Why retatrutide looks the way it does
Retatrutide's sequence is built on the glucagon-family peptide backbone — the same scaffolding that underlies the native hormones it mimics. Three engineering choices turn that scaffold into a once-weekly drug.
1. Tuned receptor selectivity
Native glucagon, GLP-1, and GIP each have distinct sequences that bind their respective receptors. Retatrutide is a hybrid: certain residues are kept from glucagon, others from GLP-1, and others again from GIP. The mix is tuned so that the molecule is a meaningful agonist at all three receptors but not equipotent — Lilly biased the activity toward weight loss while keeping glucose handling under control. [1]
2. DPP-4 resistance
Native GLP-1 lasts only a couple of minutes in the bloodstream because the enzyme DPP-4 cleaves it almost immediately. Retatrutide's sequence includes substitutions at positions DPP-4 normally targets, which makes the molecule essentially DPP-4-resistant. Without this, no peptide-based GLP-1 drug would be practical.
3. The fatty-acid tail
A long fatty-acid (C20) chain is attached to a lysine residue partway along the peptide. The chain doesn't bind the target receptors directly. Instead, it binds non-covalently to albumin, the most abundant protein in blood. Albumin binding dramatically slows renal clearance, pushing the half-life from minutes to days — enough to support once-weekly dosing. The same engineering trick is used in semaglutide and tirzepatide.

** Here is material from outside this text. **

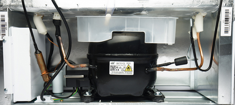 В холодильнике использован компрессор WX70YZL, произведенный Hangzhou Qanjang Refrigeration Group. Он установлен на четырех болтах, которые снабжены резиновыми амортизаторами, снижающими вибрацию. Заправлен холодильный агрегат хладагентом R600a.

What this means at the patient scale
The molecule doesn't look very different from semaglutide or tirzepatide at this resolution — it's the same general size, the same general shape, the same albumin-binding strategy. The differences are in whichresidues sit where, and that small shift is what produces a meaningful agonist at three receptors instead of one or two.
This is also why generic or compounded retatrutide is hard. A "research peptide" vendor cannot meaningfully validate that their peptide is the same molecule — sequence, fatty-acid attachment, and receptor selectivity are all critical to the drug's actual pharmacology, and none can be confirmed at home.